■ **Action item**:
Extract the records in full, leaving every picture out.

■ **Exercise data**:

□ □ □ □ □ □ □

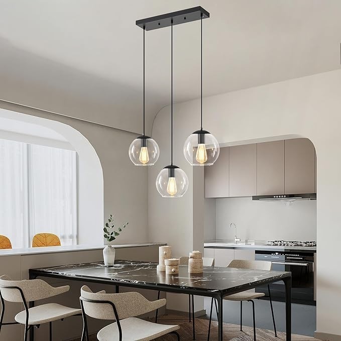 ?Customizable Lighting Dimensions?: Industrial-chic metal/glass construction with sloped ceiling compatibility. Updated specs: 16.5" canopy (42cm) + 3x 7.9" globes (20cm). Features suspension wires for precision cutting and tool-free height adjustments via canopy screws.
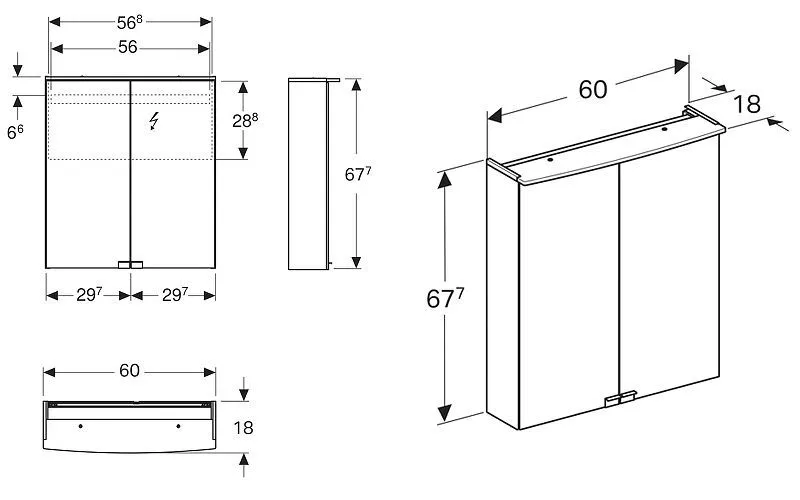 Зеркальный шкаф с подсветкой Geberit Option 60 см 500.273.00.1
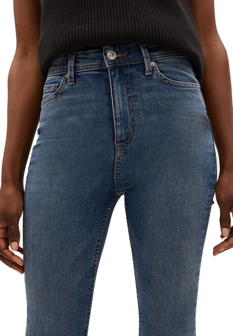 M&S Collection: easy-to-wear wardrobe staples that combine classic and contemporary styles.Product Style: Flared, Button and zip fastening, High rise, Recycled polyester. Pre-reduced Indigo is a cleaner and more resource efficient dye, using less chemicals, water and energy in the dyeing process.Material Composition: 74% cotton, 24% polyester and 2% elastaneCare instructions:Machine washable
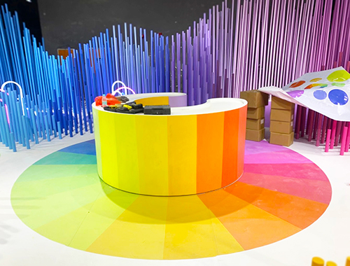 通过多彩渐变的颜色、多变的造型,将此空间赋予色彩的空间座位浮夸般的外衣,但同时又能集休息、交流、观展与学习为一体。以山水、丛林为主要设计元素,唤醒每一位观众对色彩与设计之于家居生活中的魅力影响,打造的可供“坐下来”的有“座位”功能的体验设计展。
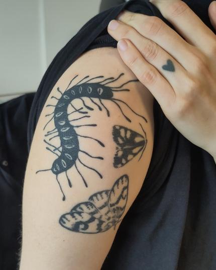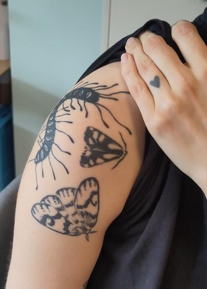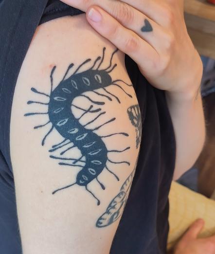 A friend came by to get a seahorse from my flash. His collection has been steadily growing since my apprenticeship. The bug above is healed 5 years.
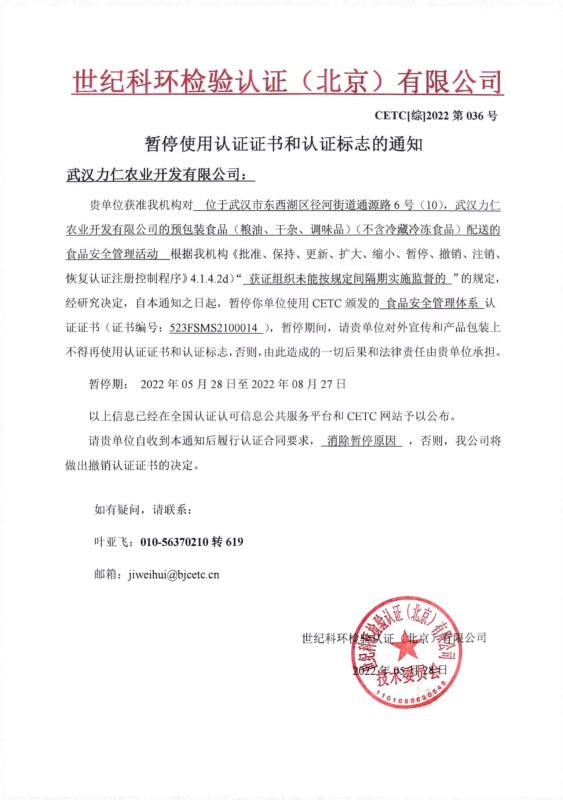 暫停使用認(rèn)證證書和認(rèn)證標(biāo)志的通知
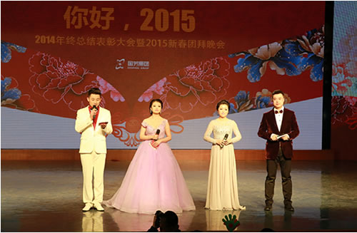 2015年2月9日晚,在蘭州37中(蘭州女子專業(yè)中等專科學(xué)校)5樓藝術(shù)廳內(nèi),國芳集團(tuán)“你好,2015”2014年終總結(jié)表彰大會暨2015年新年盛典溫馨開演。恰逢國芳集團(tuán)成立十五周年,晚會現(xiàn)場充滿了溫馨、喜慶和感動。晚會延用了去年的大型LED顯示屏、多組VCR、微信平臺等廣受好評的元素,并創(chuàng)新的融入了中華名族傳統(tǒng)的禮儀文化,漢唐古典舞的壯觀優(yōu)美,員工孩子們《弟子規(guī)》的可愛表演,都在為晚會添加了精彩度的同時,將傳承禮儀所需要的高尚美德這一思想深入的傳達(dá)到每一位員工的心中。員工們精心準(zhǔn)備的節(jié)目一個比一個精彩,極具藝術(shù)表現(xiàn)力和觀賞性,董事長也被熱烈的氣氛所感染,親自上臺演唱了兩首歌曲,把晚會推向了高潮。最后,國芳集團(tuán)年終晚會在祥和熱烈的氣氛中落下了帷幕。讓我們共同期待來年的精彩!
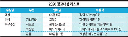 올해 2020 스포츠동아 광고대상에서는 SK텔레콤의 ‘창덕 ARrIang’ 편이 대상을 차지했고, 웅진코웨이 ‘에어매칭필터’ 편은 본상 기업 PR상을, 롯데칠성음료 ‘이런 청량함은 처음이야’ 편, 아모레퍼시픽 ‘아이오페 레티놀 엑스퍼트 0.1%’ 편, KB금융그룹 ‘세상을 바꾸는 금융’ 편이 각각 최우수상을 받았다.
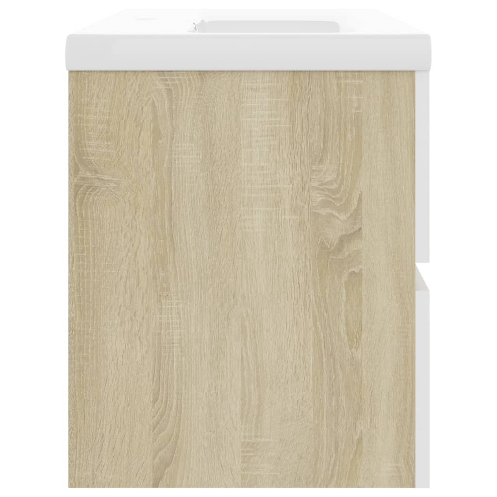 Transformez votre salle de bain avec cette élégante armoire d’évier et lavabo intégré Blanc/chêne sonoma Aggloméré, conçue pour apporter de la fonctionnalité sans sacrifier l’esthétique. Avec son tiroir spacieux, elle offre un espace de stockage pratique pour vos accessoires de salle de bain. Sa taille est parfaitement adaptée pour une utilisation sous l’évier, facilitant ainsi le rangement. Conçu en céramique durable, le lavabo apporte non seulement utilité, mais rehausse également l’aspect général de votre pièce. Son style audacieux s’harmonisera avec la décoration existante de votre salle d’eau, apportant une touche de modernité. De plus, le trop-plein intégré permet d’éviter les débordements. Sa finition lisse et brillante accentue son charme et simplifie le nettoyage. Notez que les éléments de robinetterie et de drainage sont vendus séparément.

□ □ □ □ □ □ □

■ **Answer**:
 ?Customizable Lighting Dimensions?: Industrial-chic metal/glass construction with sloped ceiling compatibility. Updated specs: 16.5" canopy (42cm) + 3x 7.9" globes (20cm). Features suspension wires for precision cutting and tool-free height adjustments via canopy screws.
 Зеркальный шкаф с подсветкой Geberit Option 60 см 500.273.00.1
 M&S Collection: easy-to-wear wardrobe staples that combine classic and contemporary styles.Product Style: Flared, Button and zip fastening, High rise, Recycled polyester. Pre-reduced Indigo is a cleaner and more resource efficient dye, using less chemicals, water and energy in the dyeing process.Material Composition: 74% cotton, 24% polyester and 2% elastaneCare instructions:Machine washable
 通过多彩渐变的颜色、多变的造型,将此空间赋予色彩的空间座位浮夸般的外衣,但同时又能集休息、交流、观展与学习为一体。以山水、丛林为主要设计元素,唤醒每一位观众对色彩与设计之于家居生活中的魅力影响,打造的可供“坐下来”的有“座位”功能的体验设计展。
 A friend came by to get a seahorse from my flash. His collection has been steadily growing since my apprenticeship. The bug above is healed 5 years.
 暫停使用認(rèn)證證書和認(rèn)證標(biāo)志的通知
 2015年2月9日晚,在蘭州37中(蘭州女子專業(yè)中等專科學(xué)校)5樓藝術(shù)廳內(nèi),國芳集團(tuán)“你好,2015”2014年終總結(jié)表彰大會暨2015年新年盛典溫馨開演。恰逢國芳集團(tuán)成立十五周年,晚會現(xiàn)場充滿了溫馨、喜慶和感動。晚會延用了去年的大型LED顯示屏、多組VCR、微信平臺等廣受好評的元素,并創(chuàng)新的融入了中華名族傳統(tǒng)的禮儀文化,漢唐古典舞的壯觀優(yōu)美,員工孩子們《弟子規(guī)》的可愛表演,都在為晚會添加了精彩度的同時,將傳承禮儀所需要的高尚美德這一思想深入的傳達(dá)到每一位員工的心中。員工們精心準(zhǔn)備的節(jié)目一個比一個精彩,極具藝術(shù)表現(xiàn)力和觀賞性,董事長也被熱烈的氣氛所感染,親自上臺演唱了兩首歌曲,把晚會推向了高潮。最后,國芳集團(tuán)年終晚會在祥和熱烈的氣氛中落下了帷幕。讓我們共同期待來年的精彩!
 올해 2020 스포츠동아 광고대상에서는 SK텔레콤의 ‘창덕 ARrIang’ 편이 대상을 차지했고, 웅진코웨이 ‘에어매칭필터’ 편은 본상 기업 PR상을, 롯데칠성음료 ‘이런 청량함은 처음이야’ 편, 아모레퍼시픽 ‘아이오페 레티놀 엑스퍼트 0.1%’ 편, KB금융그룹 ‘세상을 바꾸는 금융’ 편이 각각 최우수상을 받았다.
 Transformez votre salle de bain avec cette élégante armoire d’évier et lavabo intégré Blanc/chêne sonoma Aggloméré, conçue pour apporter de la fonctionnalité sans sacrifier l’esthétique. Avec son tiroir spacieux, elle offre un espace de stockage pratique pour vos accessoires de salle de bain. Sa taille est parfaitement adaptée pour une utilisation sous l’évier, facilitant ainsi le rangement. Conçu en céramique durable, le lavabo apporte non seulement utilité, mais rehausse également l’aspect général de votre pièce. Son style audacieux s’harmonisera avec la décoration existante de votre salle d’eau, apportant une touche de modernité. De plus, le trop-plein intégré permet d’éviter les débordements. Sa finition lisse et brillante accentue son charme et simplifie le nettoyage. Notez que les éléments de robinetterie et de drainage sont vendus séparément.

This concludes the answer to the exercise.